Quick Answer: Yes, Your Credit Score Affects Your Insurance Rate — Often Significantly

In most U.S. states, insurance companies use a credit-based insurance score to help set your auto and home insurance premiums. Drivers with poor credit can pay up to 76% more for car insurance than drivers with excellent credit, according to 2026 data from NerdWallet.
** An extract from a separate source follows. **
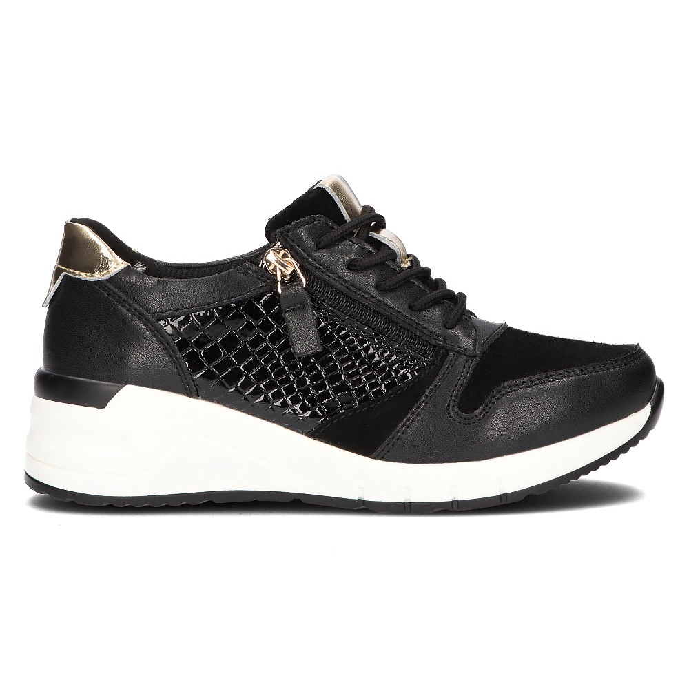 Die Sneaker verfügen über einen Schnürverschluss, der ein einfaches Anziehen und Anpassen ermöglicht, und ihre synthetische Sohle sorgt für guten Halt auf verschiedenen Oberflächen. Die Plateauhöhe von 1,5 cm und die Keilhöhe von 4 cm sorgen für Eleganz, verlängern die Silhouette leicht und bleiben auch bei längerem Tragen bequem.

The good news: improving your credit score can meaningfully lower your rates over time — and shopping around with multiple carriers can save you money right now, regardless of your credit.

Key Takeaways

  • Most insurers use credit scores to set auto and home insurance premiums in states where it’s allowed.
  • Poor credit can cost you up to 76% more on car insurance compared to drivers with excellent credit.
  • A credit-based insurance score is different from your regular credit score — but both are influenced by the same factors.
  • California, Hawaii, Massachusetts, and Michigan prohibit insurers from using credit scores to set auto insurance rates.
  • Improving your credit — even modestly — can reduce your insurance premium at your next renewal.
  • Shopping around matters: different carriers weigh credit differently, so comparing quotes is essential.

What This Guide Covers

  • What is a credit-based insurance score?
  • How much does credit affect your insurance rate?
  • Which states ban the use of credit scores for insurance?
  • What factors make up your insurance credit score?
  • How to improve your credit score and lower your premium
  • How to get the best rate regardless of your credit
  • Frequently asked questions
  • Methodology

What Is a Credit-Based Insurance Score?

A credit-based insurance score is a number calculated by insurance companies — or third-party data providers like LexisNexis or Equifax — using information from your credit report. It is specifically designed to predict the likelihood that you will file an insurance claim, not your ability to repay a debt.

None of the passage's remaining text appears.